The incantations had begun. Frank’s father joined him at the window; the boy not yet six years of age perched on a cushioned ledge below the sill, the man leaning across him and letting his huge forehead rest on the condensing glass. Neither of them could hear the Sámi words from within the house, but the ritual was familiar in two ways; because it was repeated at every winter solstice and because it touched some prehistoric unconscious, some unremembered memory of shared beliefs.

 

 

Oscar Kørner returned to his maps and more conventional compass points. Frank picked up his book, an illustrated edition of Dickens’ A Christmas Carol in Prose, Being a Ghost Story of Christmas. Since his father’s library was eclectic in topic and language the five year old Frank could read well in French, German, Russian and Latin as well as his native Norwegian. He allowed it to fall open and of course found himself looking at his favourite page, one carrying a plate of the Cratchit family celebrating around the Christmas tree with the invalid child on a three-legged stool, content in the bosom of his family.

 

Frank’s father was an enthusiastic reader of Dickens, approving of his egalitarian views and Hard Times had been Frank’s nightly story when he was not yet able to read for himself.
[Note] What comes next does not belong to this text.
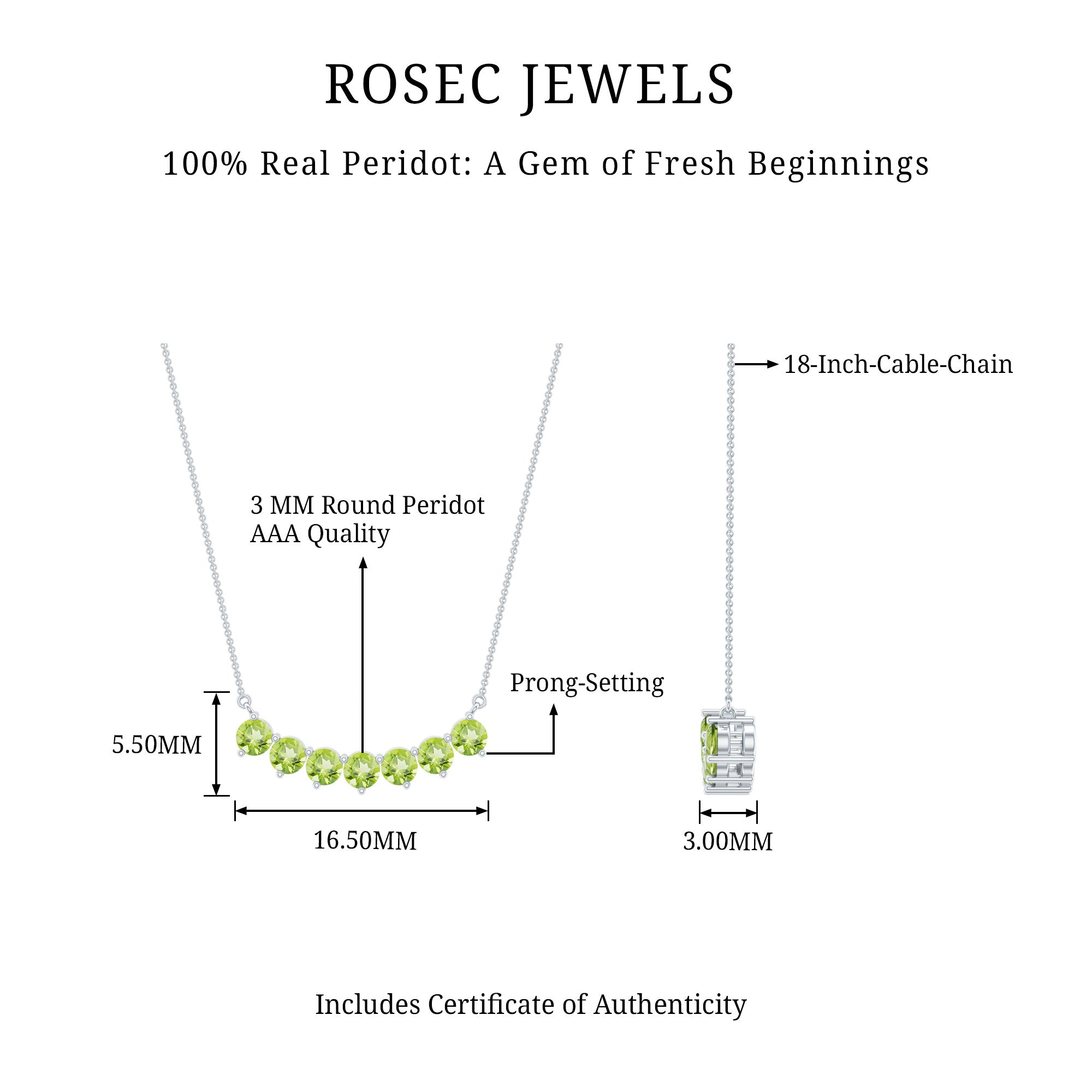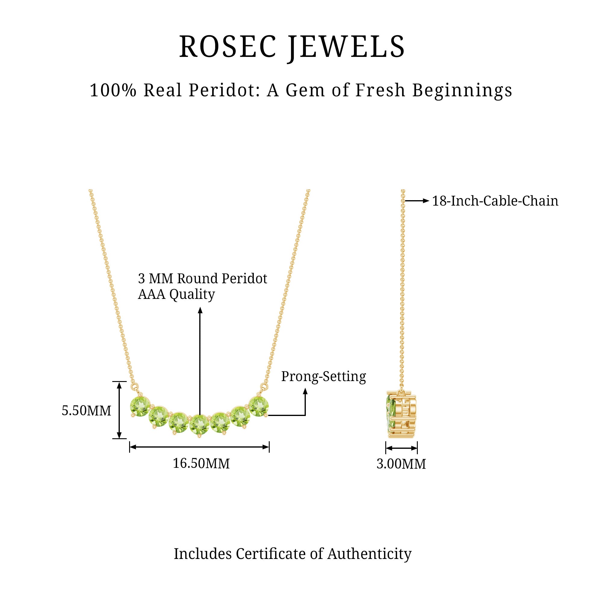 The Bar Necklace is embellished with Round Shape Peridot Gemstone in 3 Prong Setting. Grab this Seven Stone Bar Necklace to gift to your Valentine which she will admire a lot.

Oscar Kørner had even met the author in Switzerland in 1846 and claimed, not without justification that the characters of Florence Dombey and Captain Cuttle were based upon himself and his new bride Sylvia; “a wandering princess and a good monster in a story book”.

 

His absorption in the illustration was disturbed now by the same wandering princess producing a wild ululation and stamping as she lit each of the four piles of logs around her lunar circle. He felt the pagan energy, and looking up he saw that his father felt it also, but it was a cold energy; an energy born of the vacuum that was before Galileo, Kepler and Copernicus. It was of the same ethereal stuff as Tiny Tim’s empty chair. He looked again at the plate and saw the frigid heart of his own family exposed utterly by contrast. He closed the book forever and gazed with numb disinterest as his mother screamed her terror into the longest night.